→ Study material

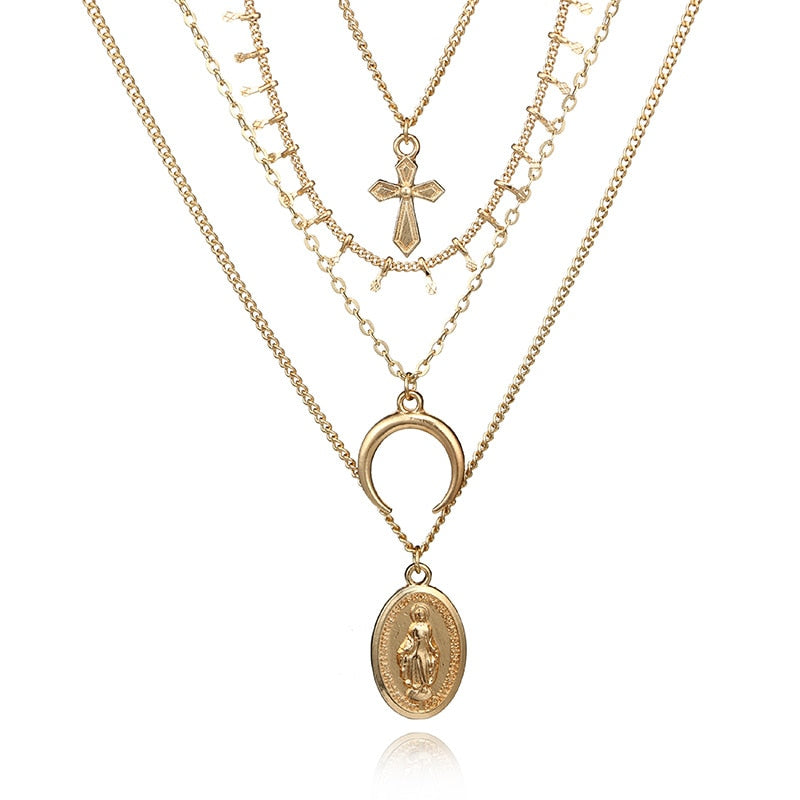 Multilayer Crystal Rose Pendant Necklace Women Gold Moon Star Horn Crescent Choker Necklaces Jewelry
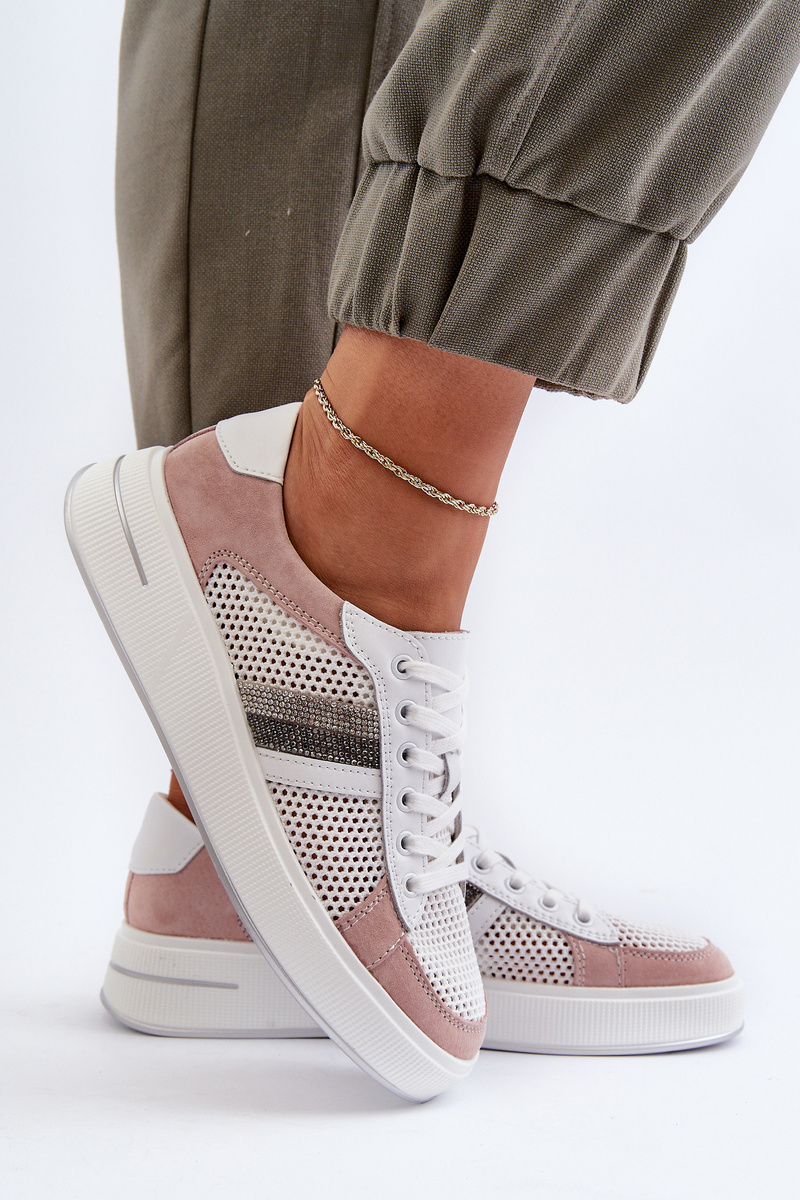 Dámske kožené tenisky D&A LR110 bielo-ružové
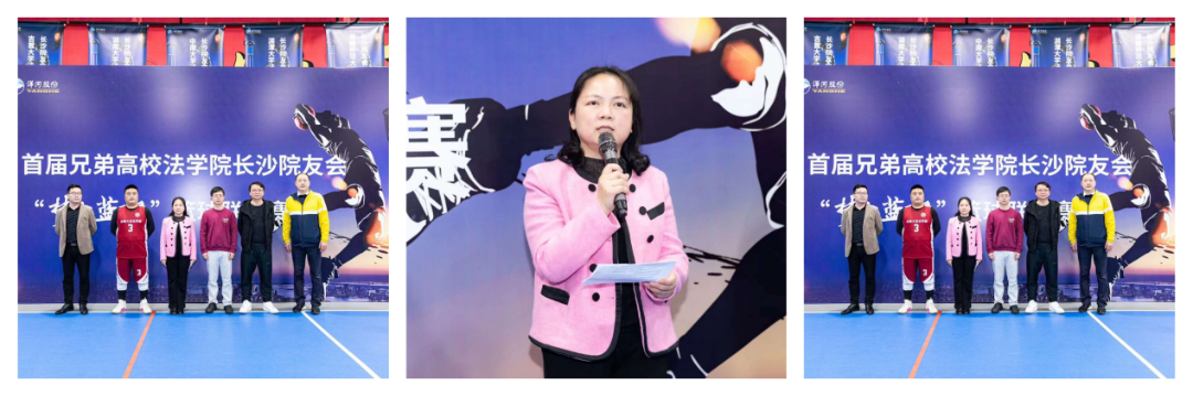 湘大法学院长沙院友会会长尹湘南、湖大法学院长沙院友会会长张乐夫、师大法学院长沙院友会秘书长胡龙、中南大学长沙院友会代表管海鑫、运动员代表陈江师大法学院、洋河股份长沙区域经理张威振出席开幕式并发言。
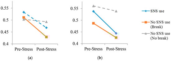Figure 2 indicates pre- and post-stress levels of each group. Post-stress levels of all groups seem to be decreased when compared to their pre-stress levels, but this decrease is statistically significant in only three groups: (1) simple task, no SNS use-break group; (2) complex task, no SNS use-break group; and (3) complex task, SNS use group. The dotted lines represent the groups whose change in stress level was not statistically significant.
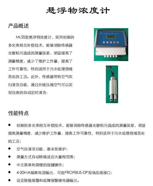 JKMLSS型懸浮物濃度計,采用創(chuàng)新的多光束相互補(bǔ)償技術(shù),能夠消除傳感器光窗粘污造成的測量誤差,明顯提高測量精度,減少維護(hù)工作量,提高工作可靠性,特別適用于污水處理領(lǐng)域惡劣的工況。此外,傳感器帶有空氣吹掃清洗功能,通過外接壓縮空氣可以實現(xiàn)儀表的自動定時清洗功能
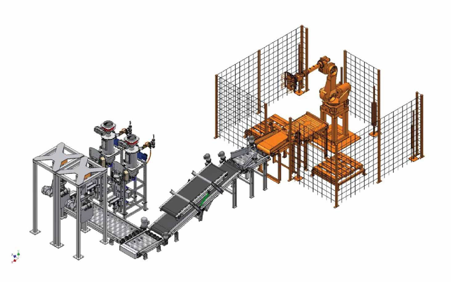 針對大批量生產(chǎn)環(huán)境,閥門裝袋系統(tǒng)配置多臺袋裝液體灌裝機,并配以自動上袋機和自動化機器人袋碼垛系統(tǒng)。像這樣的系統(tǒng)每條生產(chǎn)線每小時可以裝袋和堆疊 350-1,300 個袋子。
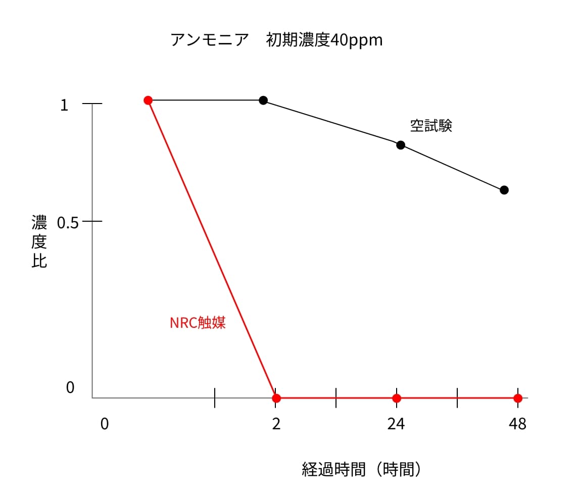アンモニア臭を発生させた密閉試験環境を用意し、

→ Problem
After dropping the pictures, reproduce exactly the lines from the first line of the entries through the line containing "湘大法学院长沙院友会会长尹湘", both included.

→ Response to this task
 Multilayer Crystal Rose Pendant Necklace Women Gold Moon Star Horn Crescent Choker Necklaces Jewelry
 Dámske kožené tenisky D&A LR110 bielo-ružové
 湘大法学院长沙院友会会长尹湘南、湖大法学院长沙院友会会长张乐夫、师大法学院长沙院友会秘书长胡龙、中南大学长沙院友会代表管海鑫、运动员代表陈江师大法学院、洋河股份长沙区域经理张威振出席开幕式并发言。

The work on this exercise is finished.